Depending on job situations or the economic climate, some homeowners are refinancing to lock in a good rate as they switch from an adjustable-rate mortgage to a fixed-rate mortgage. A fixed-rate loan will provide a guaranteed monthly payment amount for the life of the mortgage, which is reassuring when interest rates start to climb.

Lower Payments



The divorce was final and Donna had received the house in the settlement. In an effort to show her independence, she decided to refinance at the same amortization schedule they had been on together. She had a good job and would do just fine, thank you. A year later, after her anger had subsided and she had gotten back into life, she found that the 5.00 percent APR 10-year schedule she had locked herself into was a tight squeeze. The monthly $1,060 payments left her with little extra cash to spend on vacations, for fun with friends, or to put into savings. She checked around and found that through her present lender she could save the $350 appraisal fee and reduce closing costs to $650 if she refinanced the $100,000. She locked in a 5.50 percent rate for 15 years. At the new schedule although she would pay more in interest in the long run—she could feel more at ease paying $817 a month.
Cash-Out Equity



Molly and Ray had high-paying jobs. They had paid down their $250,000 home loan to 60 percent, or $150,000, of the loan amount. With higher-interest credit card balances from a long-awaited anniversary holiday and a boat loan, they decided to access some of the equity in their house with a cash-out refinance. The closing costs of $2,000 would be added to the $23,000 in equity taken out. The new mortgage amount was $175,000, held to the same loan term and at an interest rate just slightly above the present one.

Improve Fiscal Management
There are also homeowners who took out 30-year mortgages but have seen an improvement in their financial situations and want to refinance at a better rate or repayment schedule. They may be benefiting from increased salaries, inherited money, or the switch to a two-income household. Refinancing at a lower rate with minimal closing costs would allow them to build equity faster and reduce the total interest they will pay by switching to a shorter term mortgage. On the other hand, refinancing can also help reduce the burden for those whose financial situation has worsened by lessening the payments or easing the repayment schedule.

Watch the Fees


Take the time to calculate and compare your options. If you will not see payback within the number of years you plan to remain in the home, refinancing may not be right for you.
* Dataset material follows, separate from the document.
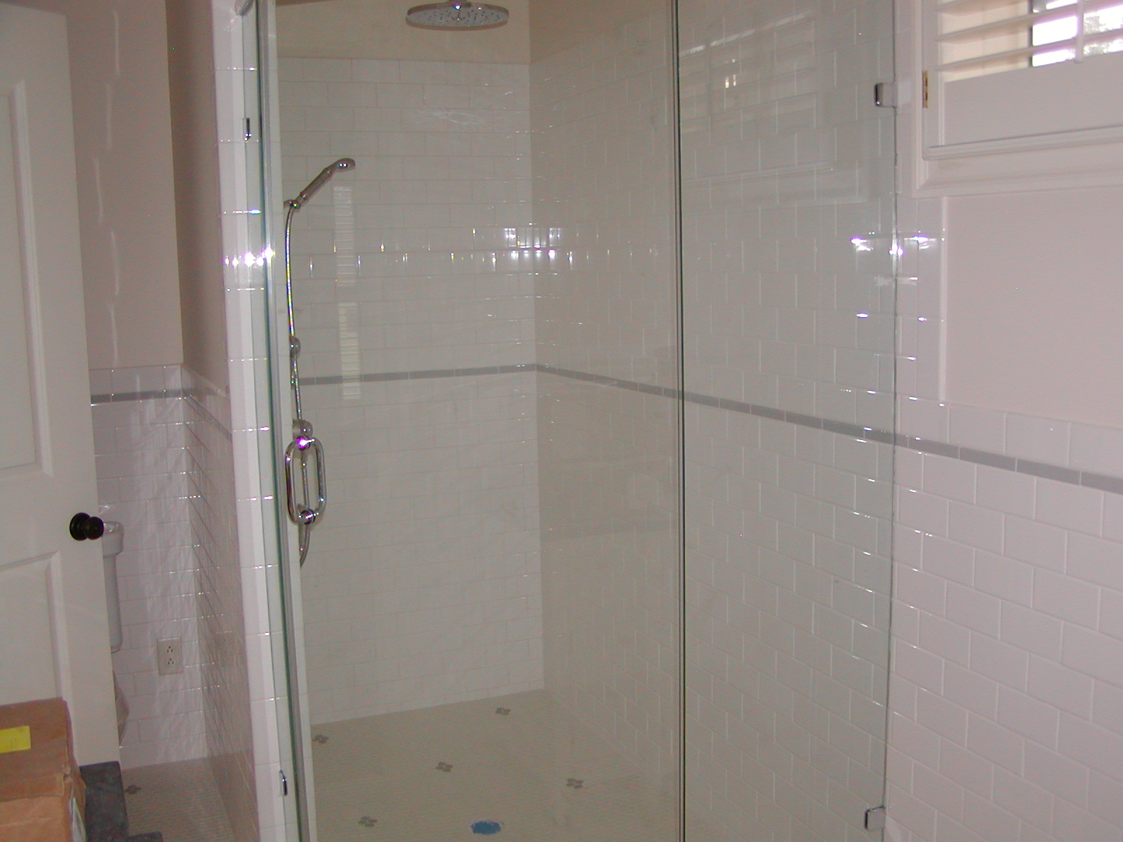 October 22, 2007 -- The shower door has been installed in the master shower. They are a bit difficult to see since they are clear glass. | ![]() |

Refinancing involves much of the same fees and paperwork as the original mortgage. Title insurance, employment verification, and a credit review will be necessary, as well as a review of your current monthly payments, outstanding mortgage balance, and current status on property taxes and homeowner’s insurance.

When refinancing, many of the same fees will need to be paid again. Check with your current mortgage holder to see whether they are willing to negotiate those fees and what rate they are offering. The lender may be willing to waive many, if not all, of the fees, so be sure to comparison shop and negotiate before signing an agreement.

Calculate Before Refinancing
The two most important factors to consider when looking to refinance are the cost of refinancing and the length of time you intend stay in the house. Calculate the date by when you expect to break even—recuperate your fees and closing costs and begin to see a genuine savings. If that date is beyond your expected move date, then refinancing does not make sense.

Also, beware of fluctuating real estate markets. If the value of the house has decreased rather than increased, the lender may decide not to refinance the home to its previous level, which could put you in an even worse situation.

Check Before You Refinance
Check your mortgage contract. While lenders may accept extra payments toward your home loan, they may have a prepayment penalty if you want to pay off the mortgage within a particular timeframe. In addition, some lenders will require a larger loan amount if a homeowner wants to refinance just to get a lower interest rate.